» **TASK PROMPT**
Find the line that contains "ここ長野はソースカツ。もっと". Copy it and every line after it to the end of the material below, exactly, with no pictures.

» **SOURCE MATERIAL**
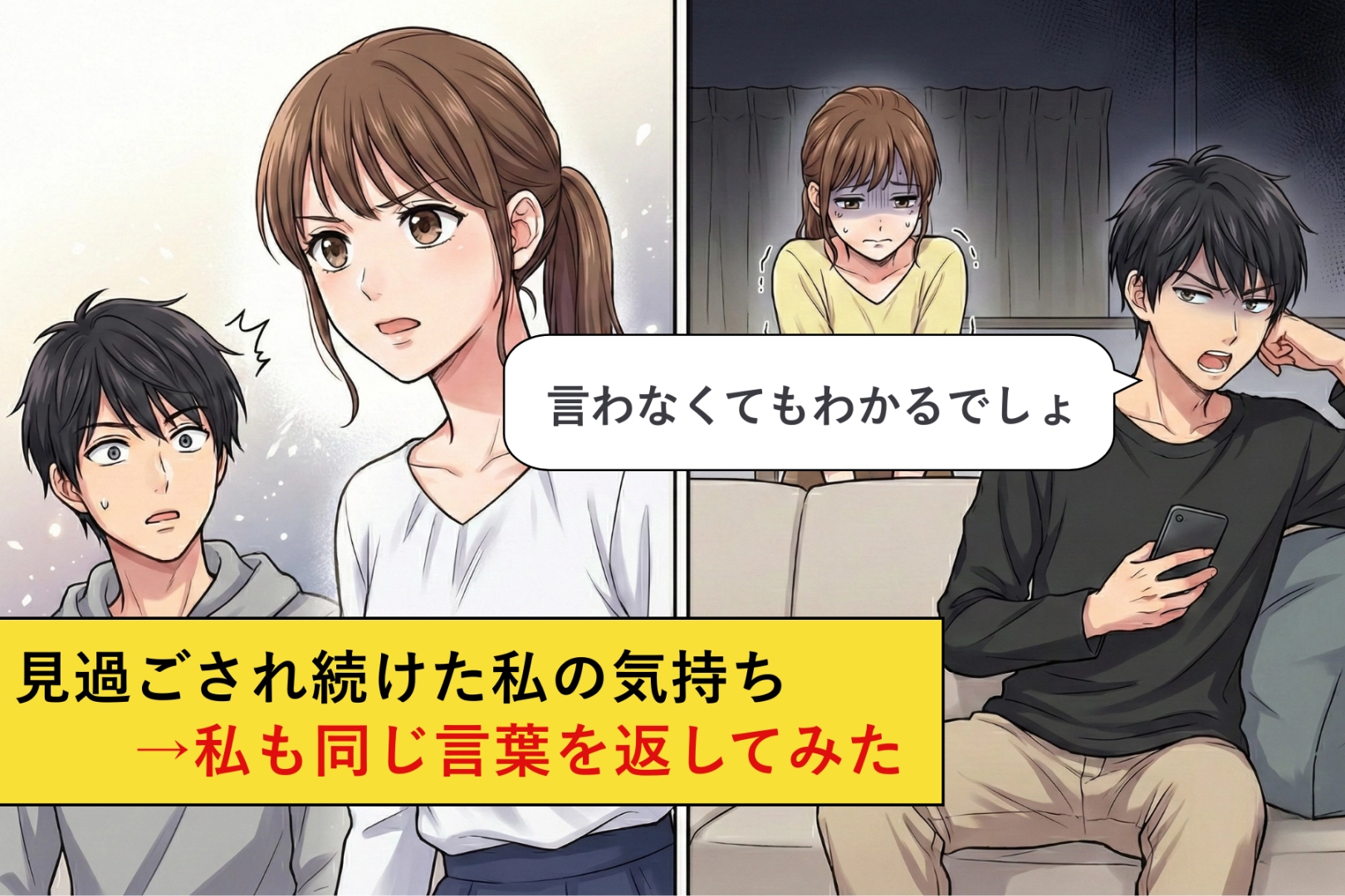 「言わなくてもわかるでしょ」と察することを要求する彼氏→私の気持ちは一度も察さないので、同じセリフを言ってみた
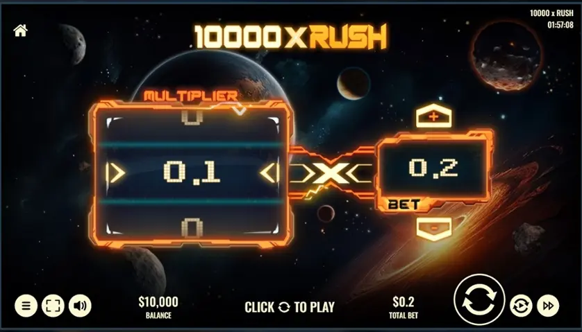 Prova 10000 x Rush online gratis in modalità demo, senza download o registrazione.
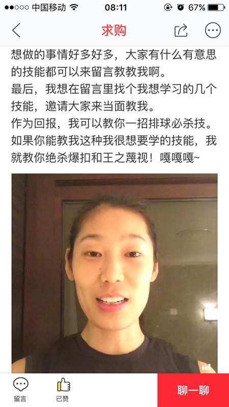 此外,“我馬上要去的土耳其,有沒有人給我介紹一下這個(gè)國家,教教我土耳其語,或是誰知道土耳其有什么好吃好玩的,也可以告訴我啊?!睋?jù)了解,在朱婷赴土耳其出發(fā)前,將會(huì)在其中挑選一位網(wǎng)友進(jìn)行技能互換。
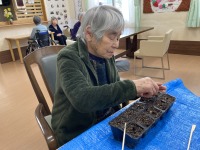 夏野菜の種まきをしました。キュウリ・ソーメン瓜・スイカ・トマト等の種蒔きをしました。苗を育てるのは珍しいと言われる方や、間引きをするので2~3粒まいた方がいいとか言われながらの作業でした。順調に苗が育ったら畑に移植したいと思います。畑には玉葱が順調に育ち収穫を楽しみにされています(^_-)-☆
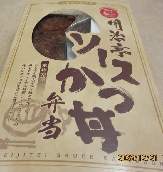 ここ長野はソースカツ。もっとも発祥は駒ヶ根・伊那の南信地区。この明治亭が長野駅に支店および弁当売店を出しているということで、長野市じたいがソースカツの勢力圏というわけでもない。
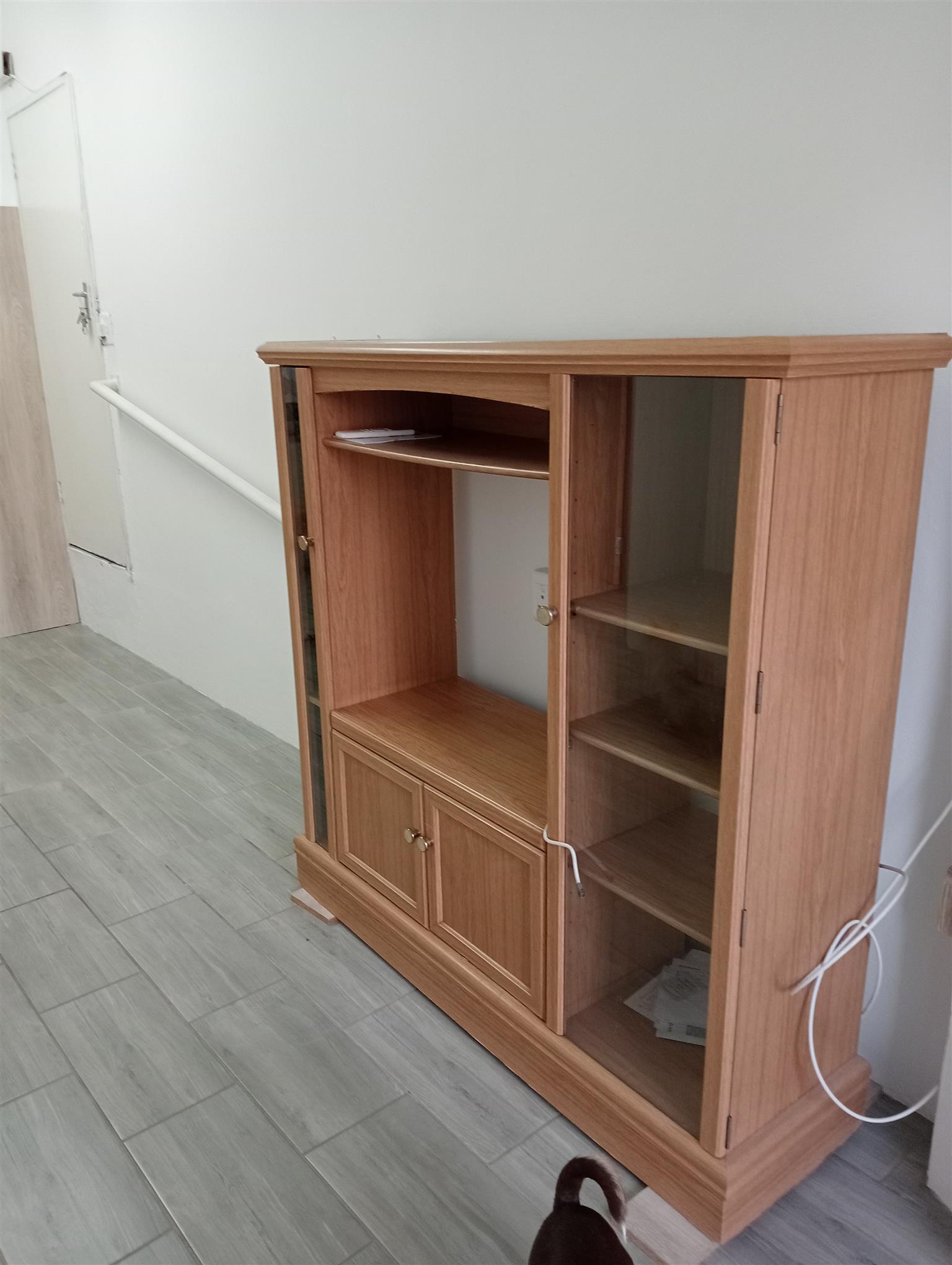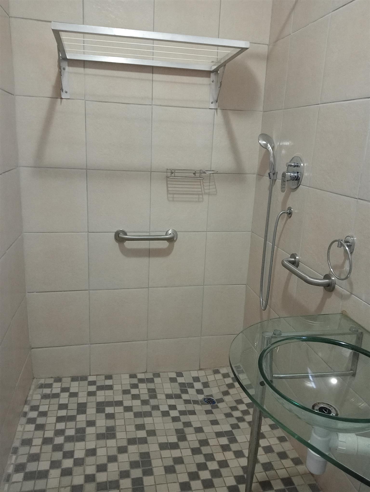 Bathroom with shower and ample space for washing machine. Kitchen/lounge/TV room

» **SOLUTION BELOW**
 ここ長野はソースカツ。もっとも発祥は駒ヶ根・伊那の南信地区。この明治亭が長野駅に支店および弁当売店を出しているということで、長野市じたいがソースカツの勢力圏というわけでもない。
 Bathroom with shower and ample space for washing machine. Kitchen/lounge/TV room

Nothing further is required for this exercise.